§ Work to be completed
Set down every record exactly as it appears.

Record set Block Start

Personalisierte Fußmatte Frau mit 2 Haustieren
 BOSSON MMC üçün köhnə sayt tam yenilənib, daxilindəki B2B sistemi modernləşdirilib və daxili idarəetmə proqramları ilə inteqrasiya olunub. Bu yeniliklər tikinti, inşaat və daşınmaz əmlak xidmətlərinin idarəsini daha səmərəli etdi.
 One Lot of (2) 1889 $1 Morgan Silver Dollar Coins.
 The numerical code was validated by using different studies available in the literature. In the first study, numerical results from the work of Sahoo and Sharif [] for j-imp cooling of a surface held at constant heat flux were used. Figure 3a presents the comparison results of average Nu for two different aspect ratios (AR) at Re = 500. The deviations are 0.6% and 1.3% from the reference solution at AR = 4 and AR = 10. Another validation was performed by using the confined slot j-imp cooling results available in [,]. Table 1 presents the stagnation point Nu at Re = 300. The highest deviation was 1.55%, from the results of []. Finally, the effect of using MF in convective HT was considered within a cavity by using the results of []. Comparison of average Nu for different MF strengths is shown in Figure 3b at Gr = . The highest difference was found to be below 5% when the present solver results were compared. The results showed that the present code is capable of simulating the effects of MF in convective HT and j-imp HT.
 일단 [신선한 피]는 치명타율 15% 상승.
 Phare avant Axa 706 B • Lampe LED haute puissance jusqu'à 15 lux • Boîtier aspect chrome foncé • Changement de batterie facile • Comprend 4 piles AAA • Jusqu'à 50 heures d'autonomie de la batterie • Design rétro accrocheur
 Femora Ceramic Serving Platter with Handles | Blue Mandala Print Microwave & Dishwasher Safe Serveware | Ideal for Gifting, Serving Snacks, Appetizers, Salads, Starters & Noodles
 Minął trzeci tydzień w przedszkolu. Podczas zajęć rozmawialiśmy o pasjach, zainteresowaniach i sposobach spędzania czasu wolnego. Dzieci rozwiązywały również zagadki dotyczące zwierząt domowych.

Record set Block End

§ Answer area
Personalisierte Fußmatte Frau mit 2 Haustieren
 BOSSON MMC üçün köhnə sayt tam yenilənib, daxilindəki B2B sistemi modernləşdirilib və daxili idarəetmə proqramları ilə inteqrasiya olunub. Bu yeniliklər tikinti, inşaat və daşınmaz əmlak xidmətlərinin idarəsini daha səmərəli etdi.
 One Lot of (2) 1889 $1 Morgan Silver Dollar Coins.
 The numerical code was validated by using different studies available in the literature. In the first study, numerical results from the work of Sahoo and Sharif [] for j-imp cooling of a surface held at constant heat flux were used. Figure 3a presents the comparison results of average Nu for two different aspect ratios (AR) at Re = 500. The deviations are 0.6% and 1.3% from the reference solution at AR = 4 and AR = 10. Another validation was performed by using the confined slot j-imp cooling results available in [,]. Table 1 presents the stagnation point Nu at Re = 300. The highest deviation was 1.55%, from the results of []. Finally, the effect of using MF in convective HT was considered within a cavity by using the results of []. Comparison of average Nu for different MF strengths is shown in Figure 3b at Gr = . The highest difference was found to be below 5% when the present solver results were compared. The results showed that the present code is capable of simulating the effects of MF in convective HT and j-imp HT.
 일단 [신선한 피]는 치명타율 15% 상승.
 Phare avant Axa 706 B • Lampe LED haute puissance jusqu'à 15 lux • Boîtier aspect chrome foncé • Changement de batterie facile • Comprend 4 piles AAA • Jusqu'à 50 heures d'autonomie de la batterie • Design rétro accrocheur
 Femora Ceramic Serving Platter with Handles | Blue Mandala Print Microwave & Dishwasher Safe Serveware | Ideal for Gifting, Serving Snacks, Appetizers, Salads, Starters & Noodles
 Minął trzeci tydzień w przedszkolu. Podczas zajęć rozmawialiśmy o pasjach, zainteresowaniach i sposobach spędzania czasu wolnego. Dzieci rozwiązywały również zagadki dotyczące zwierząt domowych.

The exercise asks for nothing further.